On 11/25/20 11:18 AM, Tom Lane wrote:
> Mats Julian Olsen <mats@duneanalytics.com> writes:
>> I've got some more numbers here:
>> ...
>> To me this does indicate some sort of networking issue, but I'm
>> wondering if INSERTs are treated differently than SELECTs in
>> postgres_fdw? The only feasibly explanation I have is that postgres_fdw
>> does many more network calls for INSERT than for SELECT, e.g. something
>> like 1 for SELECT and `n` for INSERT?
>
> I don't have the code in front of me, but from memory, postgres_fdw
> will issue an INSERT statement to the remote for each row it has to
> insert. Maybe you are indeed just dealing with spectacularly bad
> network round trip times.
>
> You could try turning on log_statement and/or log_duration on the
> remote to see if that sheds any more light about how much time is
> spent executing each insertion vs. the network delay.
>
> There's been some recent discussion about teaching postgres_fdw to
> batch insertions, which would likely be helpful in your situation.

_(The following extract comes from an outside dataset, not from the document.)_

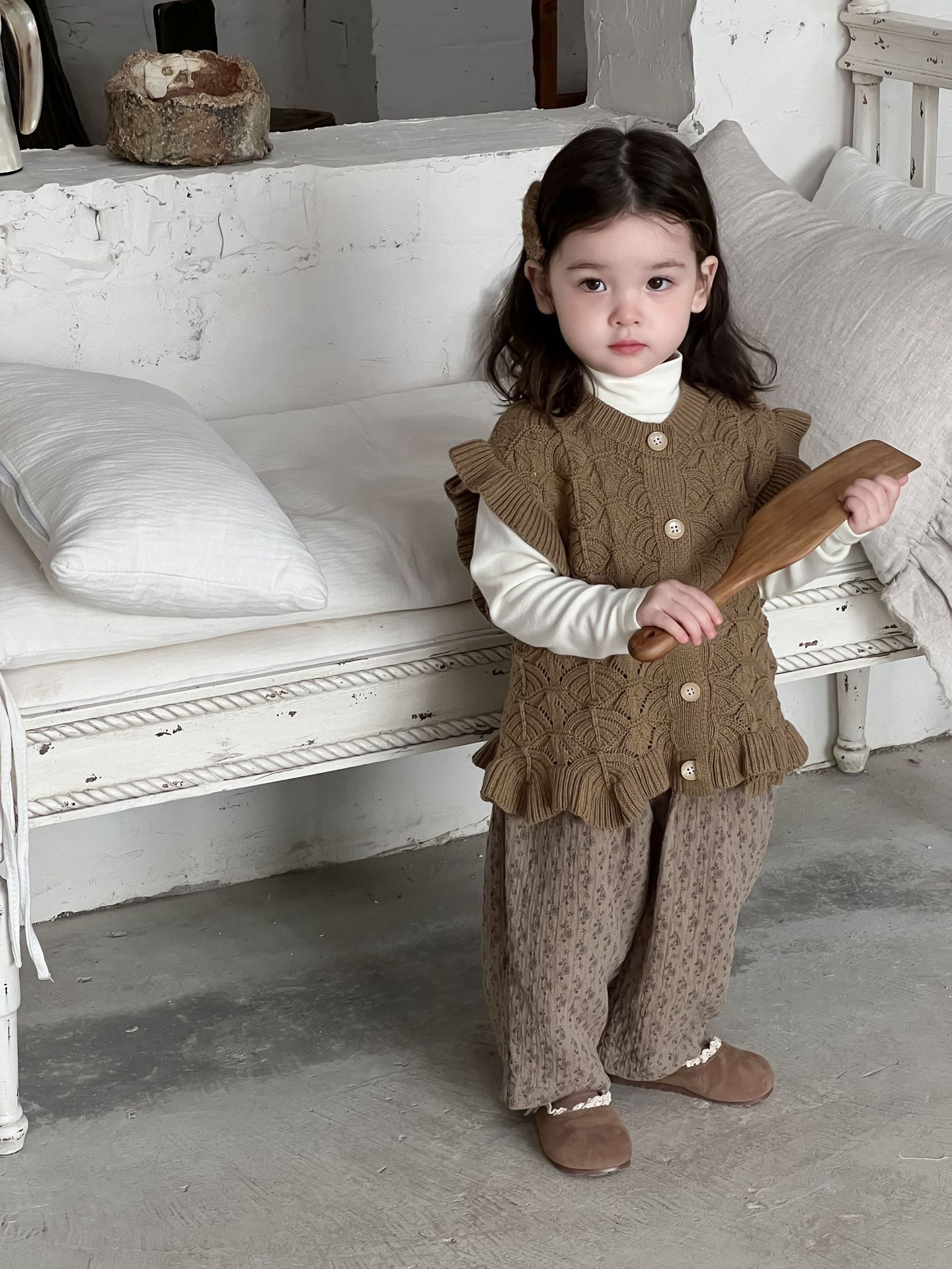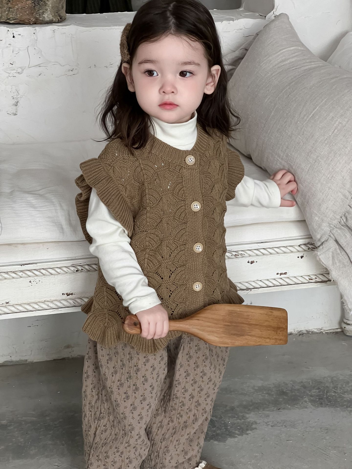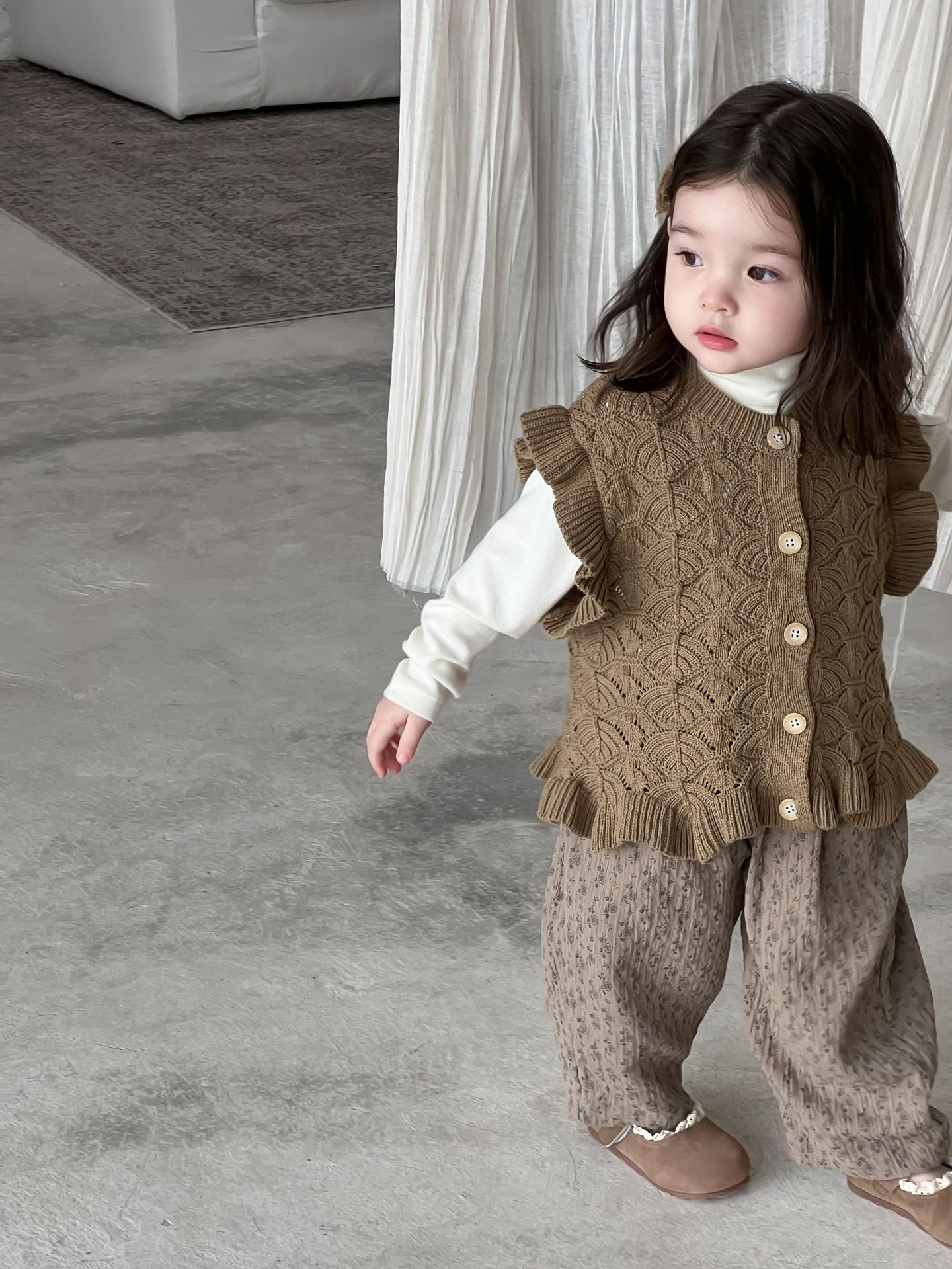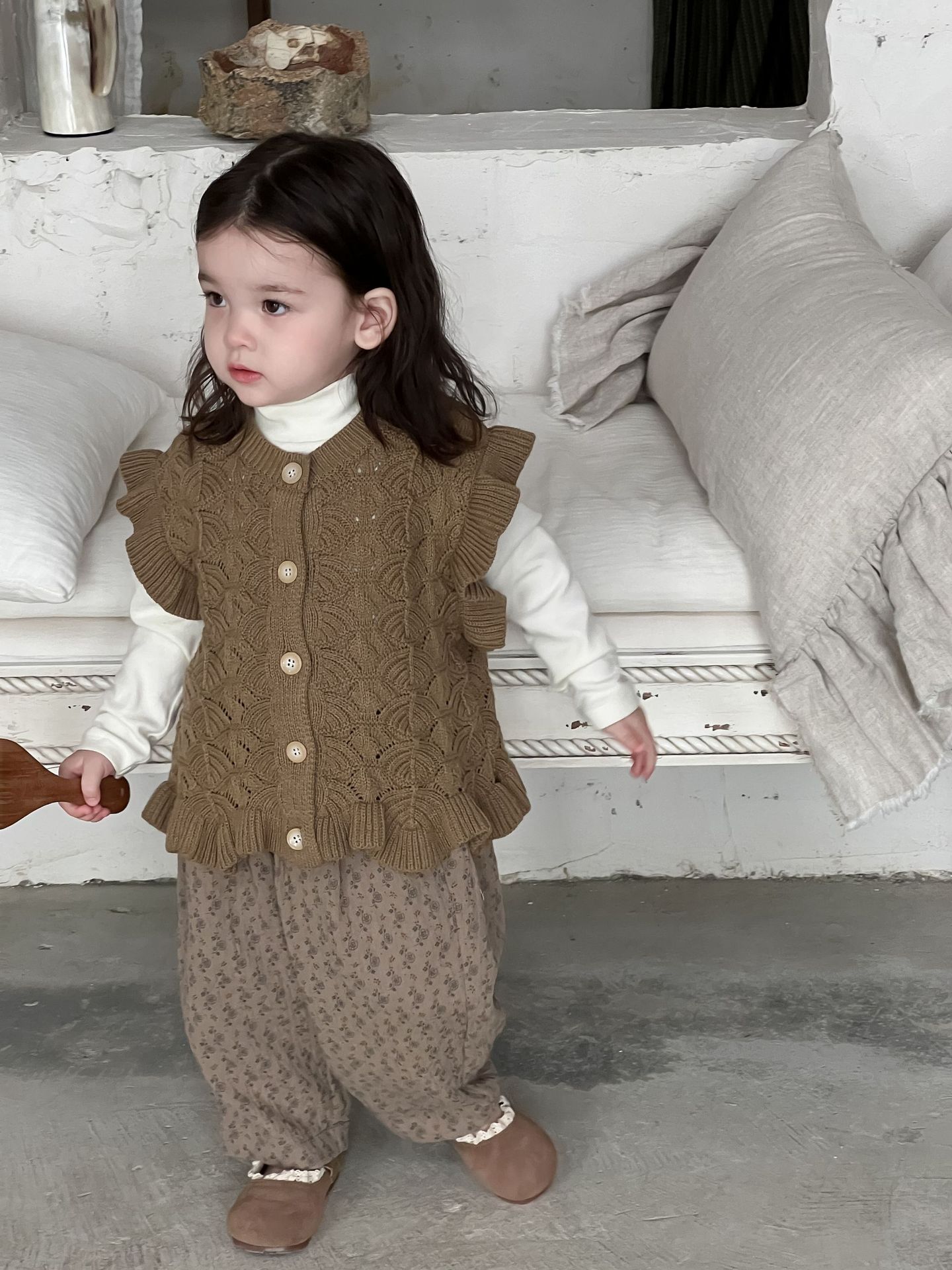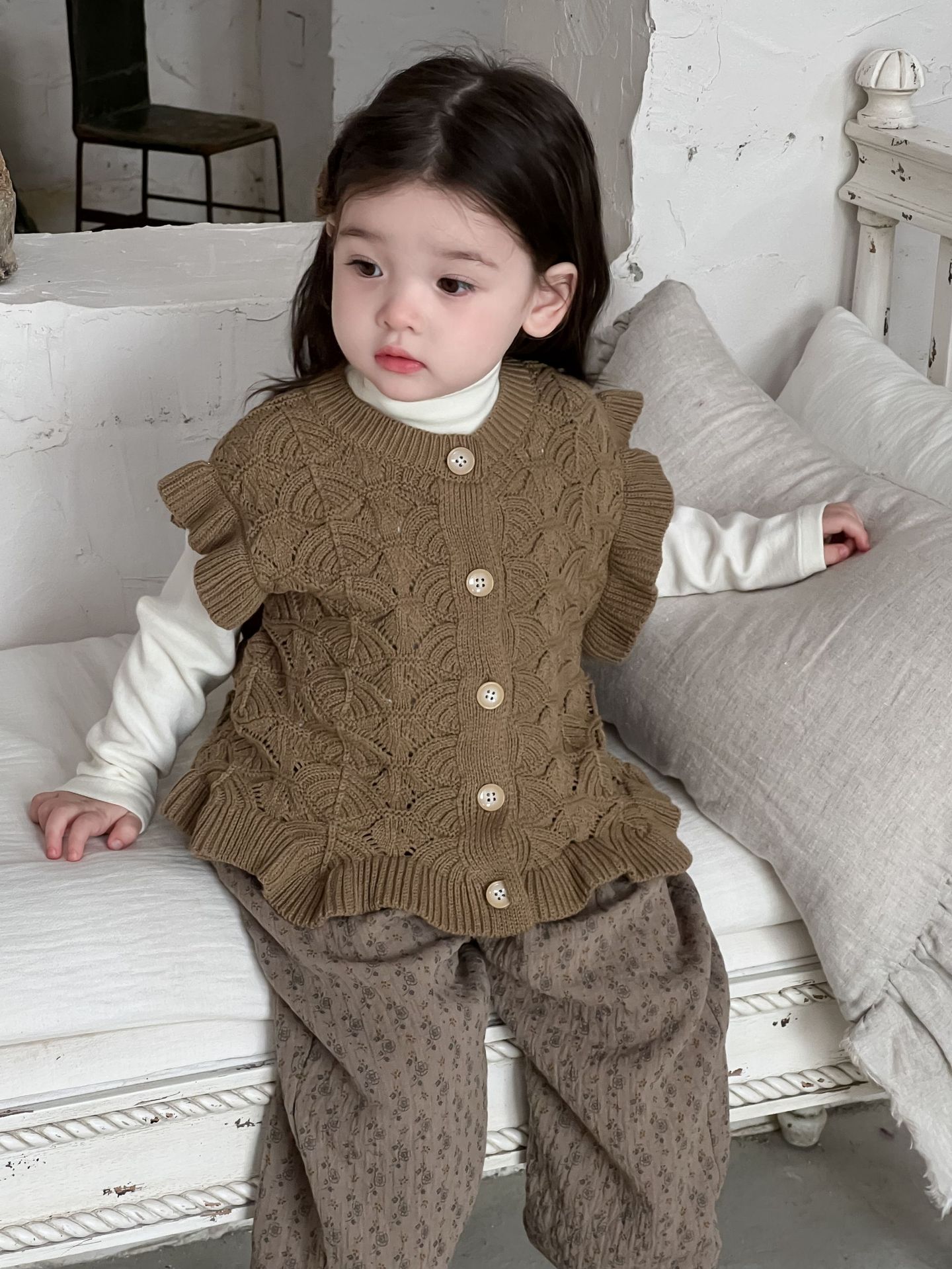 가을 아기 여아 니트 플로럴 팬츠와 스웨터 조끼 가디건 세트스토어 가기
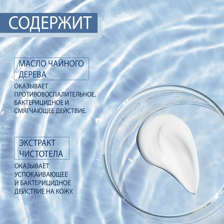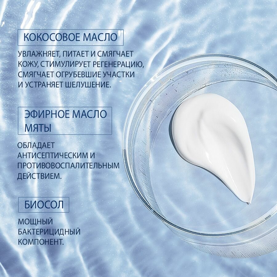 Крем с подтвержденной активностью против увеличения роста бактерий. Предотвращает появление специфического запаха при потоотделении. Антибактериальное действие проверено лабораторными испытаниями ЦКК ОНЦ. Масло чайного дерева обладает широким спектром антимикробной активности, экстракт чистотела и эфирное масло мяты оказывают успокаивающее, регенерирующее и бактерицидное действие. Кокосовое масло способствует сохранению эластичности кожи. Крем быстро впитывается. Продукт клинически протестирован.

> I don't know how close that is to committable, but in any case
> it couldn't see the light of day earlier than v14. In the meantime,
> if you're sufficiently desperate maybe you could switch to using
> dblink with manually-issued multi-row INSERTs. (This needn't
> preclude continuing to access the table with postgres_fdw when
> that's suitable.)
So even if Mats where to break this query:
INSERT INTO foreign.labels (address, labels)
SELECT address_id, ARRAY_AGG(name) AS labels
FROM labels
GROUP BY 1
LIMIT 100;
down into something like this:
INSERT INTO foreign.labels (address, labels)
VALUES (), (), (), ();
postgres_fdw would send it as individual INSERTs?
>
> regards, tom lane
>
--
Adrian Klaver
adrian.klaver@aklaver.com